During the Earth Summit last month it was hard to switch on the telly without encountering some green reformist or another uttering tales of woe about "our" planet. They even gave Jonathan Porritt his own series, modestly titled How To Save The World. Salvation via Porritt’s greenery involves leaving the profit system intact and picking off the scabs which it inevitably breeds. It was salvation for the simple-minded, a sort of secular, modernist Jesus Is Coming message. Switch on BBC's Going Live on a Saturday morning and you will be highly likely to bump into Jason Donovan or Jonathan Porritt; the former can’t sing and the latter can’t offer solutions, only pathetic reforms. The destruction of the environment has assumed the proportions of a children's issue; those talking about it are free to indulge in the sugary platitudes of reformers for whom caring renders unnecessary the requirement for being logical.
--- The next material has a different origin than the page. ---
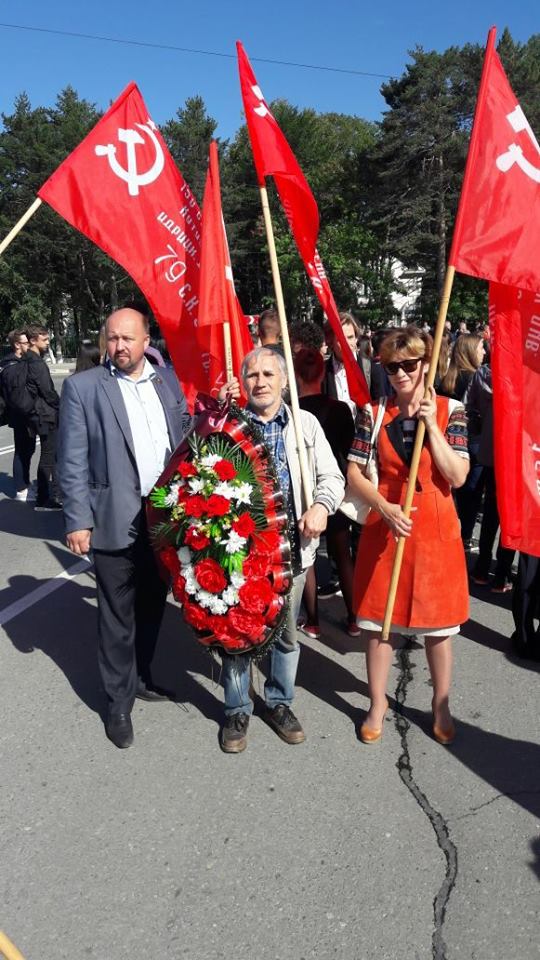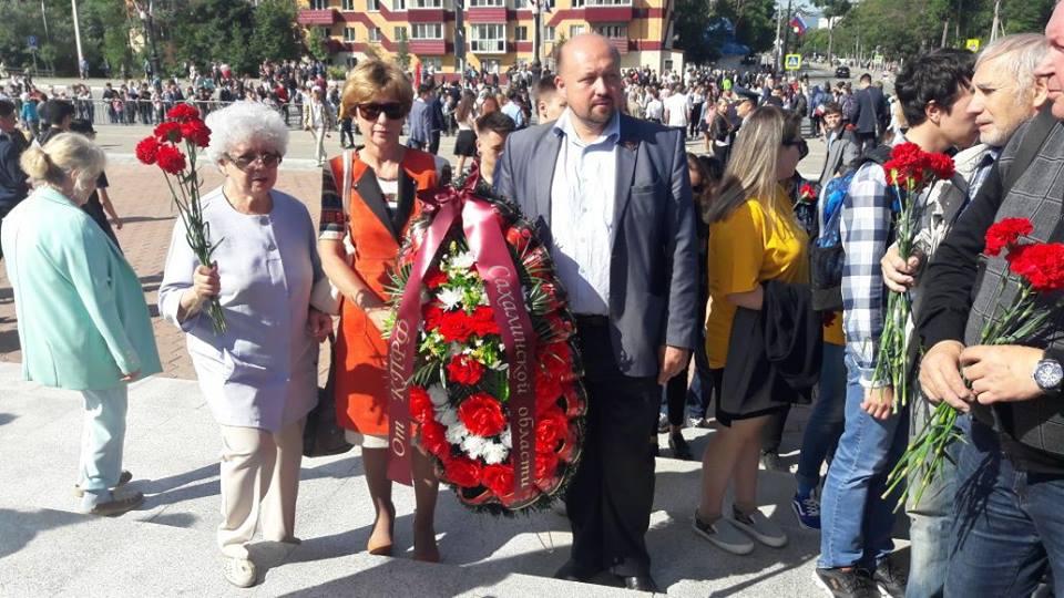 Член ЦК КПРФ, второй секретарь Приморского крайкома КПРФ Павел Ашихмин, депутат Сахалинской областной Думы Галина Подойникова, руководитель общественной приемной Г.А.Зюганова в Южно-Сахалинске Жанна Матвеева возложили памятный венок к Вечному огню у монумента в честь павших воинов.
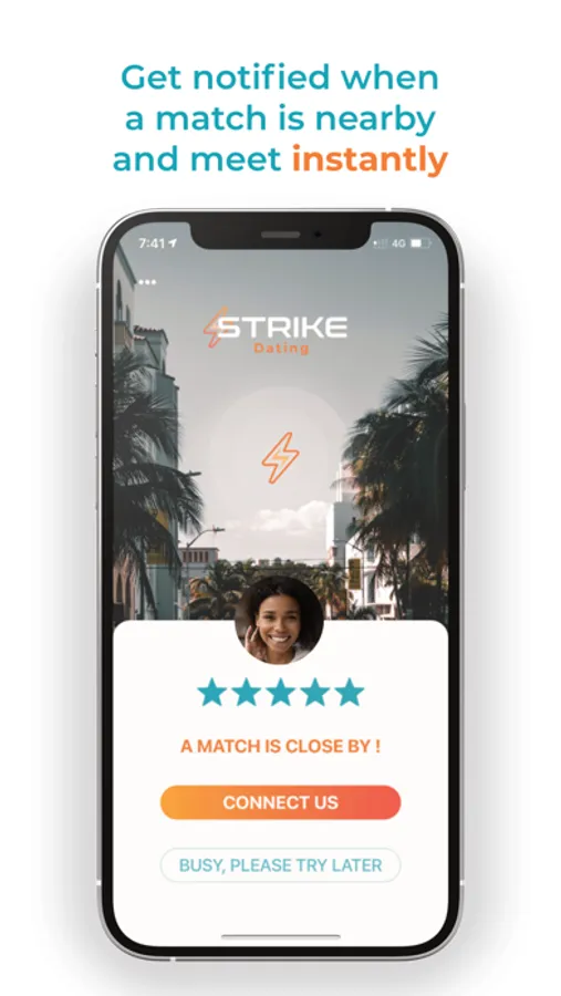 Strike notifies you when a match is nearby! Meet matches instantly without any swiping or texting.

Saving the rain forests in the late 1990’s is getting to be like collecting pennies to ’save black babies’ which Catholic schools did recently as the 1960’s. One of the most urgent problems of our time, which is the global destruction of the social environment, is reduced to nursery rhyme reasoning and Porritesque posturing.
News Mystification
The ecological crisis is no joke; it could be capitalism's literally most foul attack upon us. but it is reported in terms which mystify rather than illuminate. So, instead of talking about how whole species are being wiped out for the sake of profit, the talk is of "biodiversity". Instead of getting to grips with the industrial poisoning of the atmosphere we are told of "CFC emission levels". In short, the simple and the comprehensible is converted into scientifically grandiose terms to frighten us away from thinking that it is ours to solve. No, such convoluting problems had better be left to statesman and state scientists. Economists have long performed the same task in relation to production, turning starving millions into "the underdeveloped South" and food mountains into "regional agro-over-production". What sounds like an explanation becomes mystification, the result of which is to distance the viewer of TV from a sense of power in questioning or rejecting the self-appointed experts.
The Pushers
First Tuesday (2 June, 10.30pm, ITV) was about drug pushing on a grand scale. These were not gangs making a few million in an illegal market. Here were multi-million dollar companies going into Asian countries and promoting their addiction. In Malaysia packets of of the drug are given free to people in shopping centres. In Taiwan, where it is illegal to advertise drugs, the companies ignore the law by using the drug logo to advertise holidays, even though the companies are not in business to sell holidays. The expansion of this drug pushing into Asia has led to a corresponding increase in fatal diseases there, far outstripping those caused by heroin addiction. A US Congressman from Kentucky, the main state where the drug is grown, defended the pushing campaign into Asia on the grounds that, although it can ruin people's health and will certainly kill many, it is important that Asian consumers have the freedom to choose what they buy. We did not hear the Kentucky Congressman’s views on the right of Kentucky courts to imprison people for choosing to smoke cannabis. Oh, the drug in question was not dope, but tobacco.